Regarding the UX improvements. I would suggest that we do these changes:

In the connections drop-down, just like we show in staging env, we should show:

Function
fetch
Postgres (disabled)
Google Sheets (disabled) For disabled ones we show a message that they are currently available in the self-host version only.

Add query should not be a blank list. Like we show in the staging environment, we should show:
- default fetch
- default function
- Movies API
- Covid API
- dog API
Self-host button on top.
When creating the app, show the message that 'In case you need to revisit the app later please save the app URL'

apedroferreira commented 1 year ago

Personally, I'd first try out deploying nginx as a forwarding proxy

I like this option, I think any of the 3 would work right now but it seems like the most future-proof, as long as it does not take a lot more time/effort. And rate limiting is definitely something we should add to improve security overall. If we're going for speed, in-memory rate limiting as Vytas said should work for now as we probably don't plan to have multiple instances in the short-term?

If we're rate limiting data source calls only/mostly, I guess we could use appId as the key not to have to rely on the IP address, which is a bit more unreliable?

About the UX, I like the list Prakhar made + allowing only client-side fetch and functions. If there is no preselected option either for creating a new connection or a query, we could also use placeholder text that makes it more clear that the user should pick an option.

apedroferreira commented 1 year ago

We could also store (in localStorage, for example) the appId for the last app a user worked on, and when they open the main page, if that app still exists, show a popup with something like: "You were working on this app last time. Do you want to go back to it?"

Not sure if we want to do that but just an idea.

Janpot commented 1 year ago

Just want to point out that I'm proposing rate-limiting outbound requests through a forwarding proxy on the fetch calls that the backend is making and @bytasv is proposing rate-limiting inbound requests by wrapping the handler that serves data calls from the frontend. Which are two whole different things.
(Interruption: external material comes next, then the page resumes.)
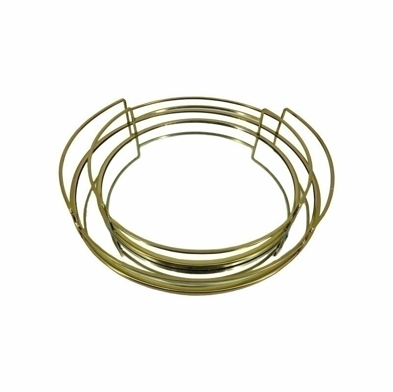 Bandeja espejada circular de vidrio con bordes dorados

I believe there could be some benefits to rate limiting outbound requests over inbound:

We are limiting at the "right location". Nothing more needs to be done. By limiting inbound calls, we still need to be vigilant about what the handler is doing downstream. For example, we will still have to add additional limiting on the amount of fetch calls a function datasource can execute in one script. This will become harder to deal with once we support queries calling other queries, as they will all need to look at the same rate limiting budget.
In my first comment I made note of being able to blacklist specific hosts from being fetched from our servers. This would be straightforward to add in a forwarding proxy. If an abuse report comes in, it will be important to be able to react quickly. (I've seen such abuse reports off and on while working on a distributed web crawler, you want to stay friends with your hosting provider 🙂 )
It works just as well for one instance, as well as for 100 instances. The inbound rate limiter will need a way to synchronize across instances/serveress functions once we try to horizontally scale. I believe using redis for this will be slower and lower in bandwidth than using a proxy.

Anyway, some food for thought.

bytasv commented 1 year ago

I think this might be bit extreme of what we actually need for demo purposes. Initial assumption was that we COULD potentially get bad actors trying to abuse fetches, so the inbound rate limiting should take care of that for this demo purposes. I don't think we are currently looking for a way to have a bullet proof solution for a future cloud version? Even if we do, we could still try to do the fast a cheap way so that demo doesn't feel so limited and in parallel continue with setting up whatever is needed with the option that you proposed (unless that is even faster/cheaper to do than the rate limit middleware)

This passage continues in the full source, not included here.